Trends come and gone, predictions both true and false, plus scandals and quotes from one editor's decade on the front lines of 7x7's food section.
2001
09.01 Jardinière chef Traci Des Jardins and Larry Bain (now of Let's be Frank) team up to start a new socially conscious program at Jardinière, which includes teaching English as a second language to staff, paying a living wage, and (drum roll) composting. "It took dozens of phone calls, but we finally reached someone at Sunset Scavenger," Bain says. "We're composting and recycling 90 percent of the kitchen garbage."
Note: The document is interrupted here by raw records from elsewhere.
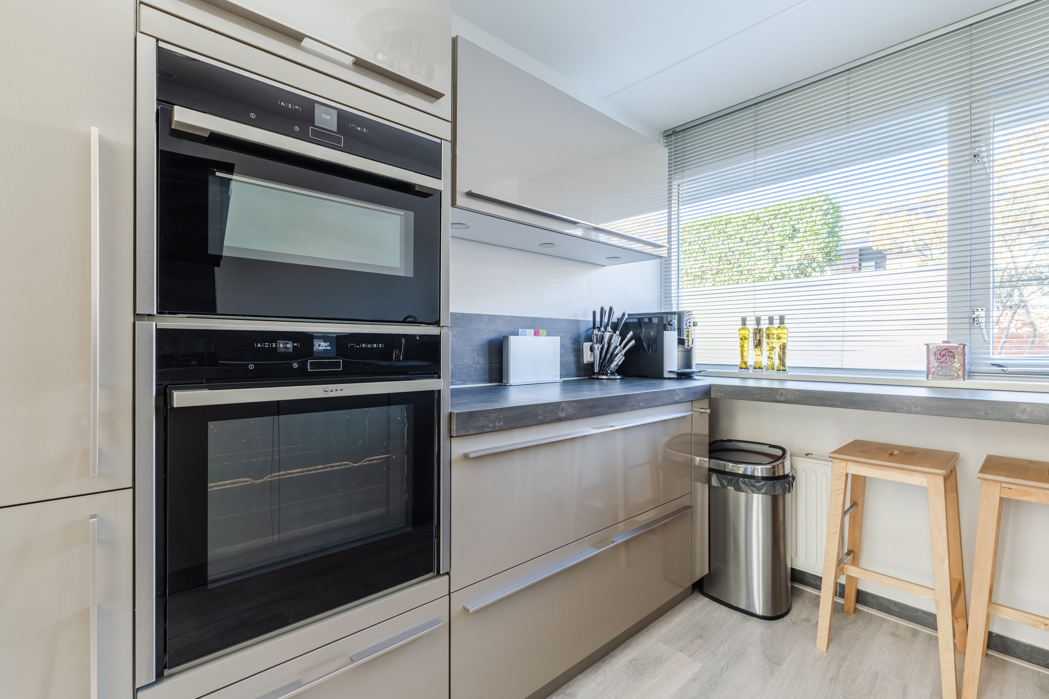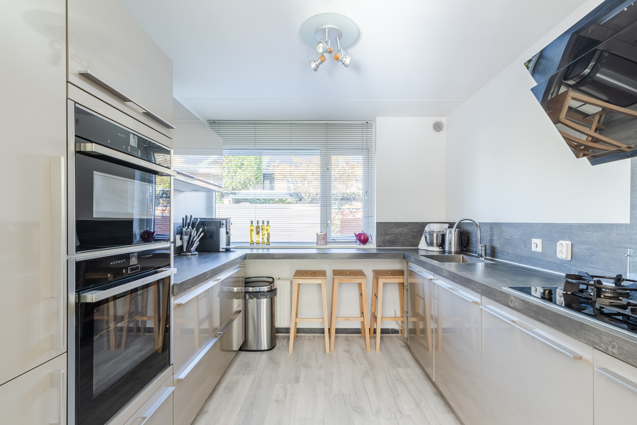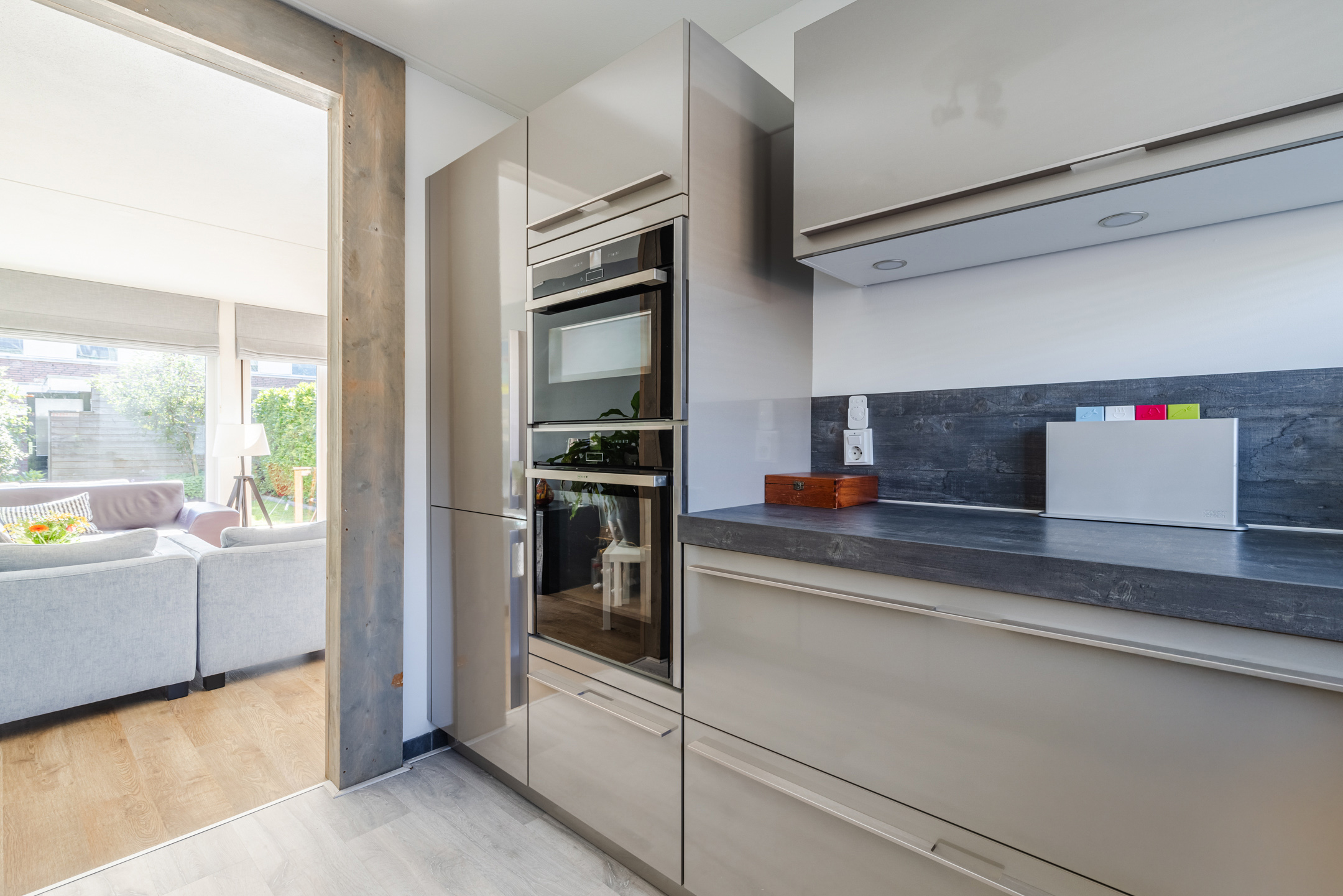 Aan de voorzijde bevindt zich de moderne keuken (geplaatst medio 2017). Deze stijlvolle, hoogglans keuken (ca. 3.02×2.71m) in taupe kleurstelling en kunststof aanrechtblad in houtlook, beschikt over alle nodige apparatuur (vijf-pits gasfornuis, moderne afzuigkap, oven en combi-oven, vaatwasser en koel-vriescombinatie). Door de slimme U-opstelling is er veel werkruimte en is er tevens de mogelijkheid om aan de bar, met uitzicht naar buiten, te genieten van een ontbijtje of een kopje koffie.
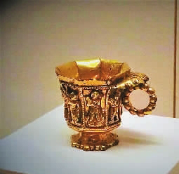 何家村窖藏出土的伎乐纹八棱金杯 本报记者 李韵摄/光明图片
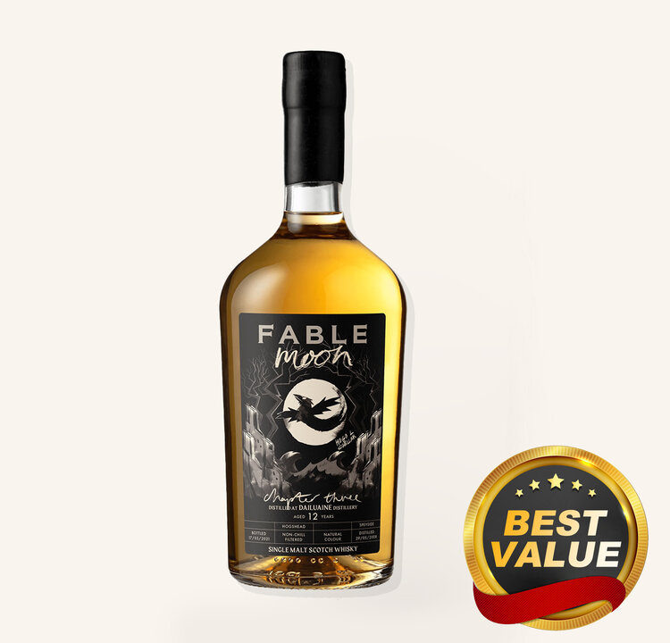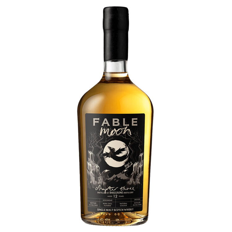 Fable Whisky is an independent single-cask and blended malt bottler founded on the art of storytelling, animation, and illustration, dedicated to releasing whiskies that are "Far From Ordinary." Each release is presented as a "chapter" in an imaginative tale—bottled in their purest form, with natural color, non–chill filtered, and bottled at cask strength. Chapter 3, titled Moon, draws from “The Ghost Piper of Clanyard Bay” legend and features artwork by Hugo Cuellar that brings the myth vividly to life. This expression is a single-cask bottling of Dailuaine distilled in 2010 and bottled around April 2022, with just 308 bottles released from a hogshead cask, showcasing Fable’s precise, artisan approach.
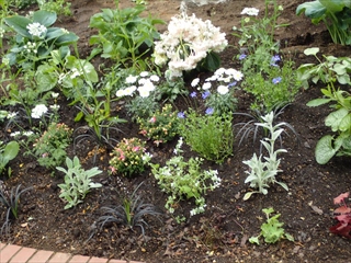 和洋折衷の旧永山邸の雰囲気、大きな樹木に囲まれている周囲の環境、近くの遊具に子どもがたくさん遊びに来る公園であることを考慮して花色を選び、また花が終わった後のシルバーや白っぽい葉の色やギザギザ、丸など葉の形を多様に取り合わせていることを渋谷さんに教えていただきました。
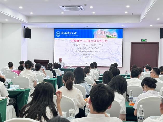 在第二天课程中,浙江财经大学陈惠雄教授为学员们带来了“时政解读与宏观政治经济形势分析”的专题讲座。陈老师以其深厚的学术功底和敏锐的洞察力,对当前国内外政治经济形势进行了全面剖析,为学员们提供了广阔的视野,给学员们带来了深刻的思考。
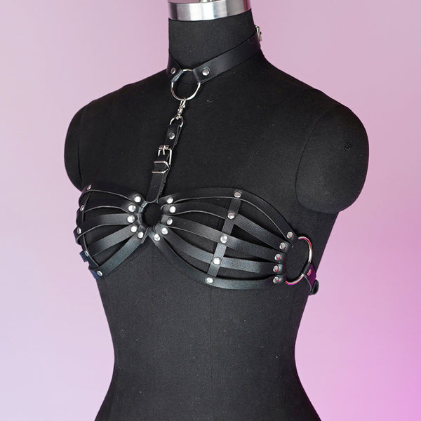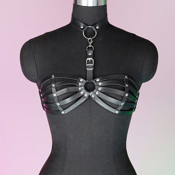 • Cage Bra Design: Open-strap structure with silver rivet details.
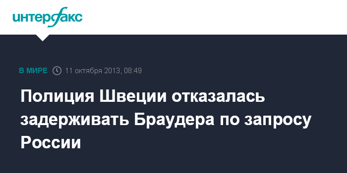 Москва. 11 октября. INTERFAX.RU - Правоохранительные органы Швеции отказались задерживать на территории страны объявленного Россией в международный розыск главу Hermitage Capital Уильяма Браудера, утверждают в пресс-службе компании.
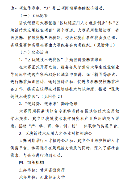 关于举办甘肃省首届高校区块链技术应用 人才就业创业大赛的通知
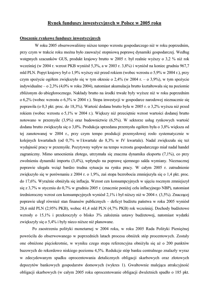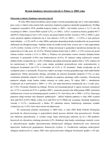 Rynek funduszy inwestycyjnych w Polsce w 2005 roku Otoczenie rynkowe funduszy inwestycyjnych W roku 2005 obserwowaliśmy niŜsze tempo wzrostu gospodarczego niŜ w roku poprzednim, przy czym w trakcie roku moŜna było zauwaŜyć stopniową poprawę dynamiki gospodarczej. Według wstępnych szacunków GUS, produkt krajowy brutto w 2005 r. był realnie wyŜszy o 3,2 % niŜ rok wcześniej (w 2004 r. wzrost PKB wyniósł 5,3%, a w 2003 r. 3,8%) i wyniósł na koniec grudnia 967,7 mld PLN. Popyt krajowy był o 1,9% wyŜszy niŜ przed rokiem (wobec wzrostu o 5,9% w 2004 r.), przy czym spoŜycie ogółem zwiększyło się w tym okresie o 2,4% (w 2004 r. – o 3,9%), w tym spoŜycie indywidualne – o 2,3% (4,0% w roku 2004), natomiast akumulacja brutto kształtowała się na poziomie zbliŜonym do ubiegłorocznego. Nakłady brutto na środki trwałe były wyŜsze niŜ w roku poprzednim o 6,2% (wobec wzrostu o 6,3% w 2004 r.). Stopa inwestycji w gospodarce narodowej nieznacznie się poprawiła (o 0,3 pkt. proc. do 18,3%). Wartość dodana brutto była w 2005 r. o 3,2% wyŜsza niŜ przed rokiem (wobec wzrostu o 5,1% w 2004 r.). Większy niŜ przeciętnie wzrost wartości dodanej brutto notowano w przemyśle (3,9%) oraz budownictwie (6,5%). W sektorze usług rynkowych wartość dodana brutto zwiększyła się o 3,0%. Produkcja sprzedana przemysłu ogółem była o 3,8% większa od tej zanotowanej w 2004 r., przy czym tempo produkcji przemysłowej rosło systematycznie w kolejnych kwartałach (od 0,7% w I kwartale do 8,3% w IV kwartale). Nadal zwiększała się teŜ wydajność pracy w przemyśle. Pozytywny wpływ na tempo wzrostu gospodarczego miał nadal handel zagraniczny. Mimo umocnienia złotego, utrzymała się znaczna dynamika eksportu (7,1%), co przy zwolnieniu dynamiki importu (3,4%), wpłynęło na poprawę ujemnego salda wymiany. Nieznacznej poprawie ulegała wciąŜ bardzo trudna sytuacja na rynku pracy. W całym 2005 r. zatrudnienie zwiększyło się w porównaniu z 2004 r. o 1,9%, zaś stopa bezrobocia zmniejszyła się o 1,4 pkt. proc. do 17,6%. Wyraźnie obniŜyła się inflacja. Wzrost cen konsumpcyjnych w ujęciu rocznym zmniejszył się z 3,7% w styczniu do 0,7% w grudniu 2005 r. (znacznie poniŜej celu inflacyjnego NBP), natomiast średnioroczny wzrost cen konsumpcyjnych wyniósł 2,1% i był niŜszy niŜ w 2004 r. (3,5%). Znaczącej poprawie uległ równieŜ stan finansów publicznych – deficyt budŜetu państwa w roku 2005 wyniósł 28,6 mld PLN (2,95% PKB), wobec 41,4 mld PLN (4,7% PKB) rok wcześniej. Dochody budŜetowe wzrosły o 15,1% i przekroczyły o blisko 3% załoŜenia ustawy budŜetowej, natomiast wydatki zwiększyły się o 5,4% i były nieco niŜsze niŜ planowane. Po zaostrzeniu polityki monetarnej w 2004 roku, w roku 2005 Rada Polityki PienięŜnej powróciła do obserwowanego w poprzednich latach procesu obniŜek stóp procentowych. Zostały one obniŜone pięciokrotnie, w wyniku czego stopa referencyjna obniŜyła się aŜ o 200 punktów bazowych do rekordowo niskiego poziomu 4,5%. Redukcje stóp banku centralnego znalazły wyraz w zdecydowanym spadku oprocentowania detalicznych obligacji skarbowych oraz złotowych depozytów bankowych gospodarstw domowych (wykres 1). Gwałtownie malejąca atrakcyjność obligacji skarbowych (w całym 2005 roku oprocentowanie obligacji dwuletnich spadło o 185 pkt. bazowych, obligacji trzyletnich o 267 pkt. bazowych, obligacji czteroletnich o 175 pkt. bazowych, a obligacji pięcioletnich i dziesięcioletnich o 200 pkt. bazowych) było przyczyną istotnego spadku wartości ich sprzedaŜy w minionych 12 miesiącach w porównaniu z rokiem 2004 (sprzedaŜ obligacji dwuletnich zmniejszyła się o 41%, zaś obligacji czteroletnich o 50%). Mimo zmniejszenia oprocentowania rocznych depozytów złotowych gospodarstw domowych o 1,2 pkt. proc. (z 4,4% do 3,2%) ich ogólna wartość wzrosła o blisko 10 mld PLN (5,7%), przy czym wynikało to ze wzrostu wartości depozytów bieŜących, gdyŜ wartość depozytów długoterminowych (do dwóch lat) zmniejszyła się o 1,2 mld PLN (-0,9%). Wykres 1. Oprocentowanie skarbowych obligacji detalicznych (dwu-, trzy- i czteroletnich) oraz rocznych depozytów złotowych gospodarstw domowych w 2005 roku. 7.0% 6.5% 6.0% 5.5% 5.0% 4.5% 4.0% 3.5% 3.0% I 2005 II III IV V VI VII VIII IX X XI XII oprocentow anie dw uletnich obligacji oszczędnościow ych (DOS) oprocentow anie czteroletnich obligacji oszczędnościow ych indeksow anych (COI) w I okresie odsetkow ym średnie w aŜone oprocentow anie rocznych depozytów złotow ych gospodarstw domow ych oprocentow anie obligacji trzyletnich (TZ) w I okresie odsetkow ym Źródło: opracowanie na podstawie danych MF i NBP. Bardzo powaŜną konkurencją dla funduszy inwestycyjnych w 2005 roku były natomiast, juŜ trzeci rok z rzędu, bezpośrednie inwestycje w akcje. Wiele róŜnorodnych moŜliwości inwestycyjnych zapewnił rynek pierwotny – zadebiutowało na nim 35 spółek (o jedną mniej niŜ rok wcześniej), w tym dwie zagraniczne. Dało to warszawskiej giełdzie trzecie miejsce w Europie (za Londynem i Oslo). Łączna wartość wszystkich ubiegłorocznych ofert wyniosła 6,98 mld PLN, z czego 5,25 mld PLN stanowiły środki uzyskane przez spółki w wyniku podwyŜszenia kapitału. Największymi ofertami na rynku pierwotnym w 2005 r. były PGNiG (2,68 mld PLN) oraz Lotos (ponad 1 mld PLN). Zdecydowana większość przeprowadzonych ofert zakończyła się sukcesem, czego dowodem było uplasowanie wszystkich oferowanych papierów, wysokie stopy redukcji 2 podczas subskrypcji oraz atrakcyjne stopy zwrotu dla inwestorów (często kilkunasto-, a czasami nawet kilkudziesięcioprocentowe „przebicia” podczas pierwszej sesji w stosunku do ceny emisyjnej). Jeszcze wyŜsze zyski stały się udziałem inwestorów na rynku wtórnym. Znakomita koniunktura na warszawskim parkiecie, będąca pochodną przede wszystkim bardzo dobrych wyników finansowych większośc

11.01 Once, when I was in culinary school in New York, I asked a Petrossian Caviar rep if it wouldn't be more sustainable to remove the eggs from a sturgeon via C-section rather than kill the huge, prehistoric fish. He looked at me like I was a crazy West Coast activist. By 2001, Beluga sturgeon are endangered. Sustainable, farmed caviar—which is extracted via C-section—is in. For 7x7, I drive out to Sacramento to visit the very unglamorous Sterling Caviar sturgeon farm made up of big, stinky fish tanks.
2003
07.03 Obsessed with my love-hate relationship with Amanda Hesser's Mr. Latte column in The New York Times Magazine, I interview her. In person, she turns out to be very uncontroversial and as slight as "a wafer-thin-mint." (She still is today, even after having twins and testing all the recipes in her amazing Essential New York Times Cookbook.) She tells me she loves Capricious cheese, Miette lemon cookies, and dates. Then there's my favorite quote of the year from an interview with NY restaurant consultant Clark Wolf in regard to Jeremiah Tower's tell-all book, California Dish: "I mean, attacking Marion Cunningham? Fannie Farmer? I guess Grandma Moses was dead."